* Doutora em Teoria Literária
Li dois textos que falam de Caetano Veloso, por alusão ao seu aniversário de 75 anos, que me mobilizaram por razões opostas. O primeiro, de Guto Leite, professor da UFRGS, pela sapiência e verdade; o segundo, de Luciano Alabarse, dramaturgo e Secretário de Cultura de Porto Alegre, pela náusea que provoca.
Há uma expressão corrente no Nordeste – "comparar Nosso Sinhô com Zé buchudo" – usada quando uma relação de semelhança entre pessoas é estapafúrdia, descabida, ofensiva, indecorosa, desarrazoadíssima. Blasfêmica.
Parece que a cidade de Porto Alegre se expande num grande picadeiro para uma tragicomédia, quando o seu claudicante prefeito é comparado ao mais brilhante artista da música brasileira, igualando-os na incompreensão do público frente aos seus propósitos de mudar o mundo.
Outros setenta e cinco anos ainda seriam insuficientes para envelhecer ou calar o artista mais vigoroso, contundente, inventivo e atual da música brasileira. As diversas e múltiplas concepções do mundo, as interpretações do Brasil, as profecias estéticas, as versões de si mesmo colocam Caetano como protagonista de um panteão de imensos artistas brasileiros! Vinicius de Moraes, Tom Jobim, Chico Buarque, Gilberto Gil, todos afirmaram que Caê é o estandarte desses tempos, e não sei se eles mesmos podem rivalizar com o filho de dona Canô.
Em uma de suas profecias, Caetano afirmou que "um índio descerá de uma estrela (...) pousará no coração do hemisfério sul / Depois de exterminada a última nação indígena / E o espírito dos pássaros das fontes de água límpida / Mais avançado que a mais avançada das mais avançadas das tecnologias ". A canção antecipa o futuro de uma geração que necessitará da intervenção de um Deus para quitar suas contas. Contas que nós, a América Latina em pó, nunca cessamos de fazer crescer. Parece que o cenário já se configurou e o futuro chegou, pois que estamos concluindo o trabalho de extermínio da última nação indígena e sangrando para o vazio as fontes que já não podem alimentar o espírito dos pássaros. No ousado verso que repete um vocábulo três vezes, o profeta baiano não ignora que o "Índio" terá de ser tão avançado a ponto de superar e dominar, em meio aos fogos de artifício que saúdam a festa do capital desenfreado, a barbárie na qual estamos imersos.

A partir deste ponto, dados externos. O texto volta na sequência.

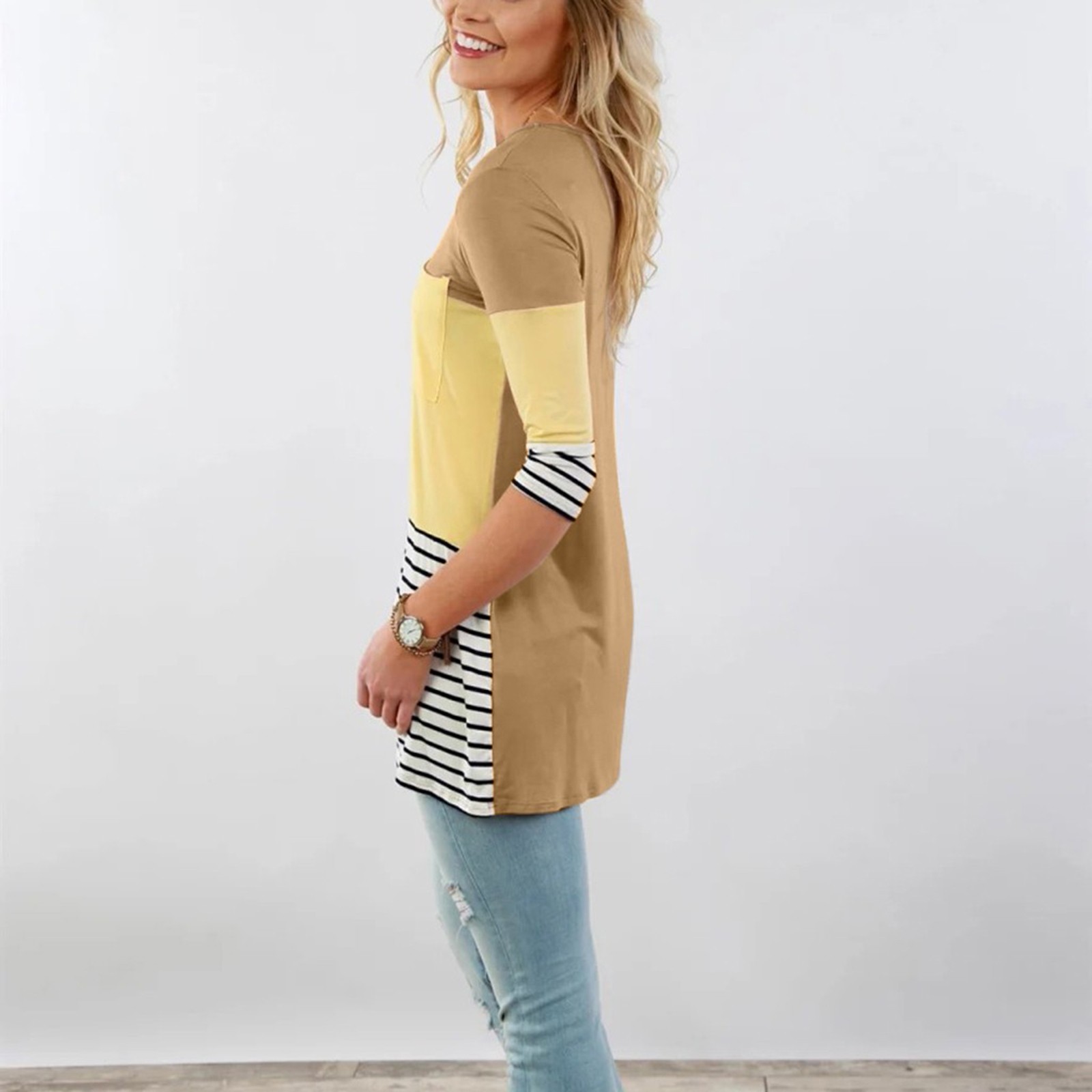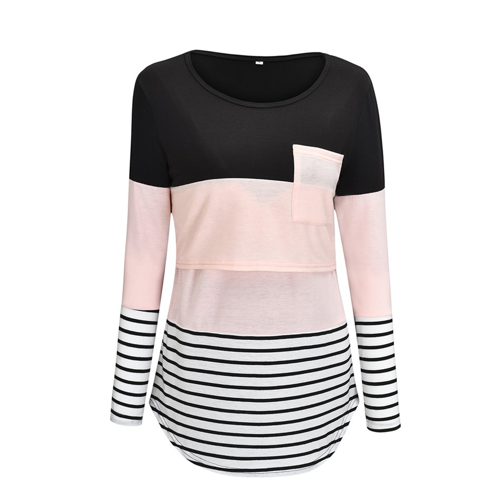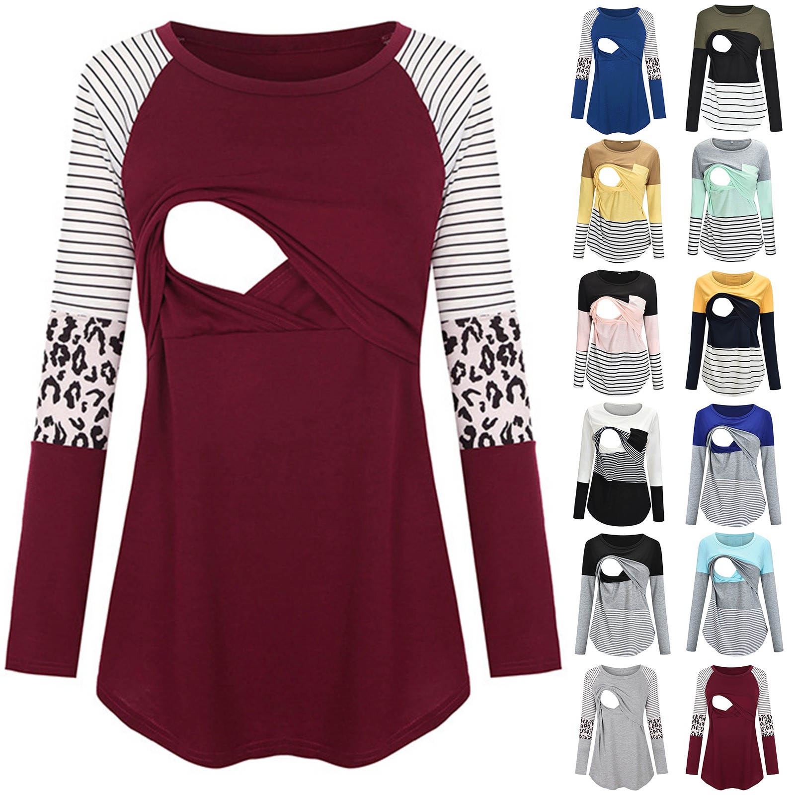 2. Длинный рукав, круглый вырез. В стиле пэчворк, Классический Топ для беременных, Топ для кормящих, с двойными передними слоями.
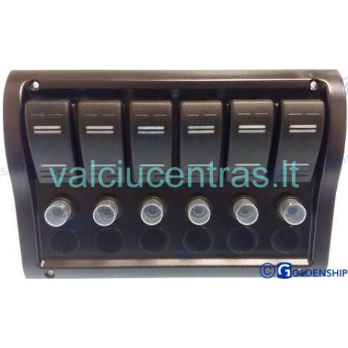 Skydelyje sumontuota 6 jungikliai. Kiekvienas jungiklis turi po saugiklį.

Quem será o índio que nos arrancará à casa dos vendilhões? Onde estamos e quem somos, ó povo brasileiro? E os irmãos latinos, paralisados pela mesma sorte? Quiçá o Marchezan seja o nosso redentor, impávido, infalível, como Caetano Veloso? Isto é risível, indecoroso!
Ferida de morte no fogo/jogo entre corruptos e corrompidos, nossa voz terá de ser ouvida, mesmo "enquanto os homens exercem seus podres poderes". Adulando os mandões, "somos uns boçais"! Sim, Alabarse, boçais! O que pretende uma pessoa, supostamente artista, quando insulta de forma tão desarrazoada um grande artista brasileiro? Ultrajar mais ainda o povo gaúcho? Ampliar o picadeiro de seu circo de horrores? Ora, isto é comparar Nosso Sinhô com Zé buchudo!.